Ao The Moscow Times, um virologista russo, Alexander Chepurnov, levanta dúvidas quanto à vacina do país: “Com algumas doenças – e para o coronavírus, isso já é conhecido – a infecção pode se intensificar com a presença de certos anticorpos. Portanto, deve-se saber quais anticorpos a vacina forma”.

“Até eu ver estudos e publicações científicas que dizem como a vacina foi estudada, qual nível de neutralização é formado, quais doses do vírus ele protege e, o mais importante, se está desenvolvendo a capacidade de aumentar a infecção por anticorpos, é impossível falar sobre a liberação de uma vacina”, completa.

Referências:

  1. BBC. “O que se sabe sobre a vacina da Rússia contra o coronavírus e por que ela desperta dúvidas”. Acesso em: 08 ago. 2020.
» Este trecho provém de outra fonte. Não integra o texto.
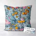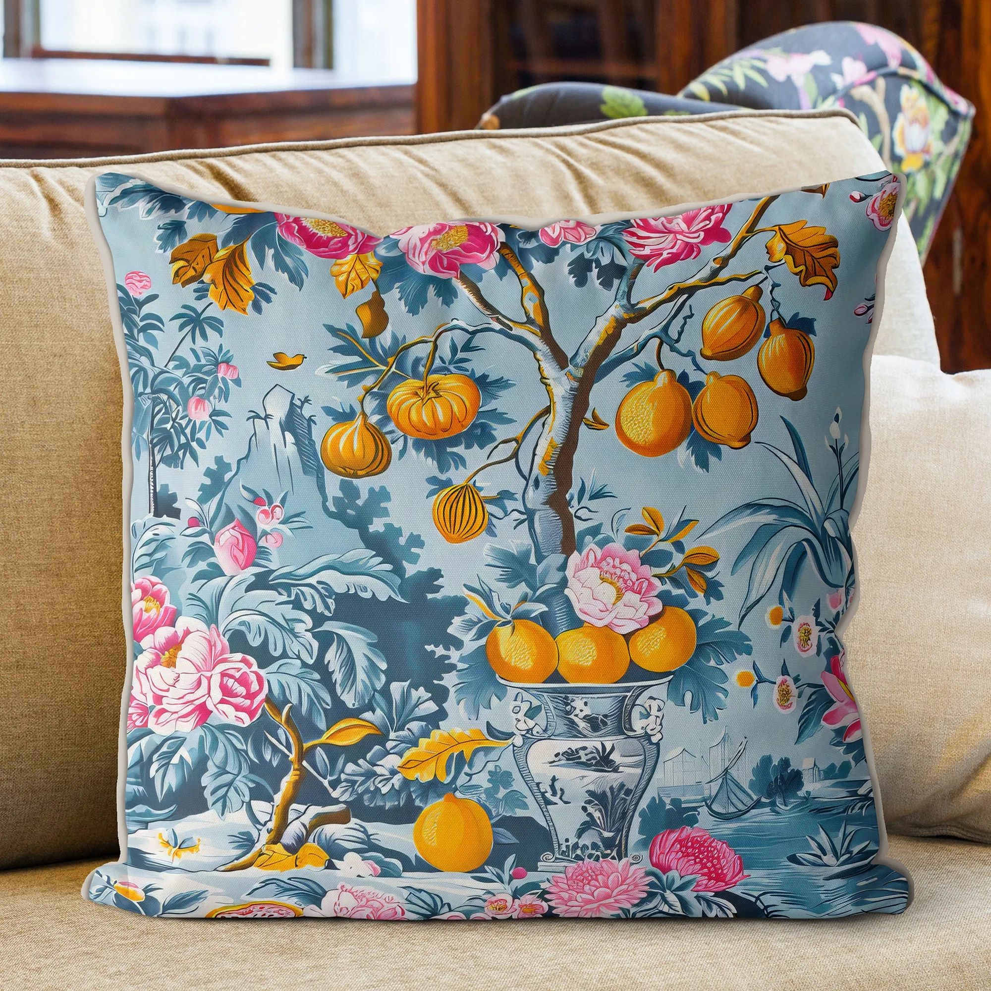 This enchanting design features a flourishing fruit tree laden with golden citrus, nestled among lush foliage and vivid pink blooms, all set against a serene soft blue background.

  2. BBC. “Coronavírus: vacina de Oxford tem resultado preliminar positivo; conheça 4 outras iniciativas promissoras”. Acesso em: 08 ago. 2020.
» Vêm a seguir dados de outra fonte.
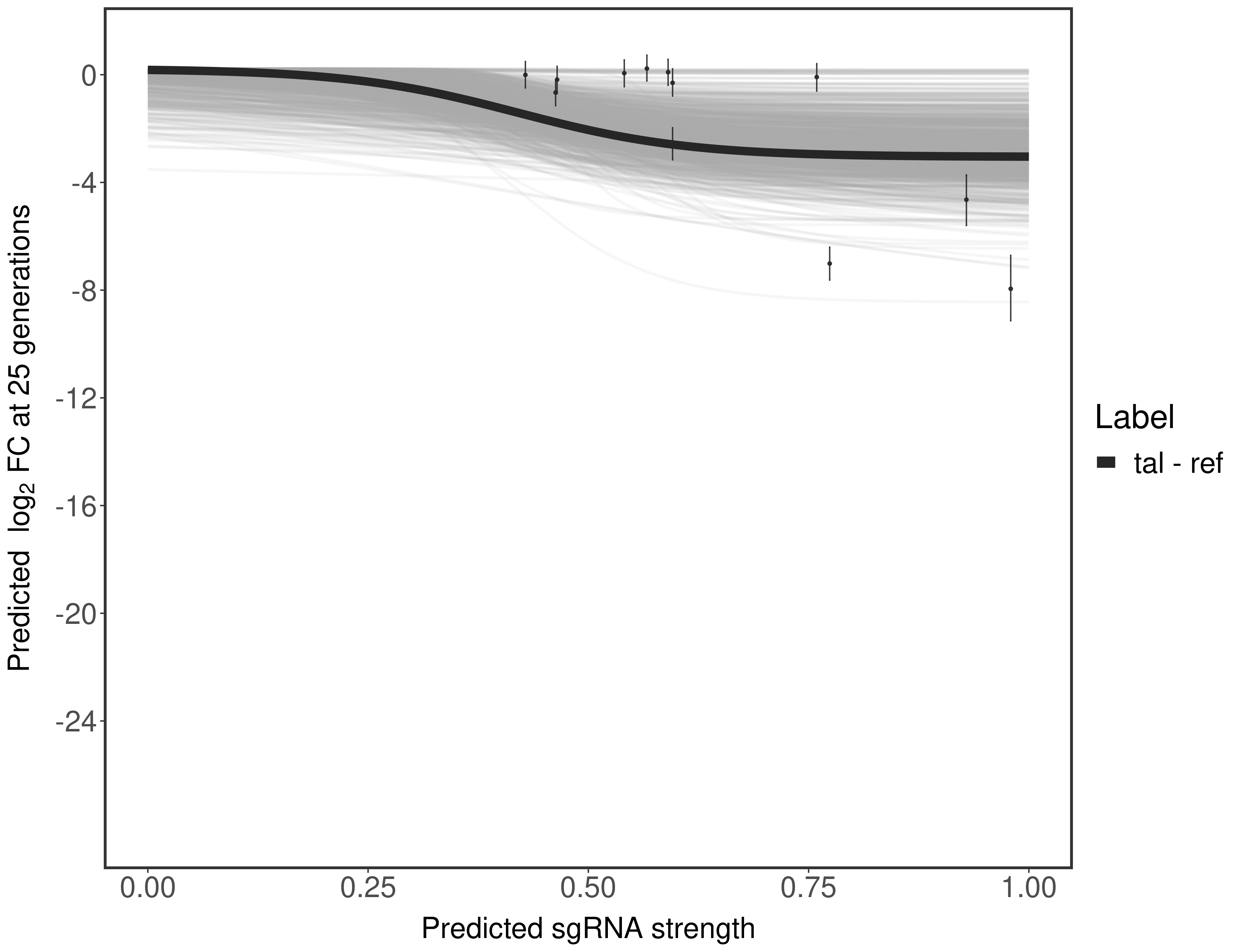 In order to quantify gene vulnerability, data were subsequently analyzed with a hierarchical model at the sgRNA level (two-line model) and gene level (Hill curve). The vulnerability quantification is shown below. [More information]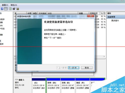 4、進入到新建簡單卷后,其會彈出新建簡單卷向導,點下一步;

  3. G1. “Rússia vai conceder registro para 1ª vacina contra Covid-19 na próxima semana”. Acesso em: 08 ago. 2020.
  4. G1. “Vacina de Oxford para Covid-19 é segura e induz resposta imune, indicam resultados preliminares”. Acesso em: 08 ago. 2020.
  5. MALLAPATY, Smriti. “How deadly is the coronavirus? Scientists are close to an answer”; Nature. Acesso em: 08 ago. 2020.
  6. McNeil, Michael M el al. “Risk of anaphylaxis after vaccination in children and adults”. Allergy and Clinical Immunology, March 2016, Volume 137, Issue 3, Pages 868–878. Acesso em: 08 ago. 2020.
  7. New Scientist. “Everything you need to know about the Oxford coronavirus vaccine”. Acesso em: 08 ago. 2020.
  8. The Moscow Times. “Russian Virologist Questions Safety of Country’s Coronavirus Vaccine”. Acesso em: 08 ago. 2020.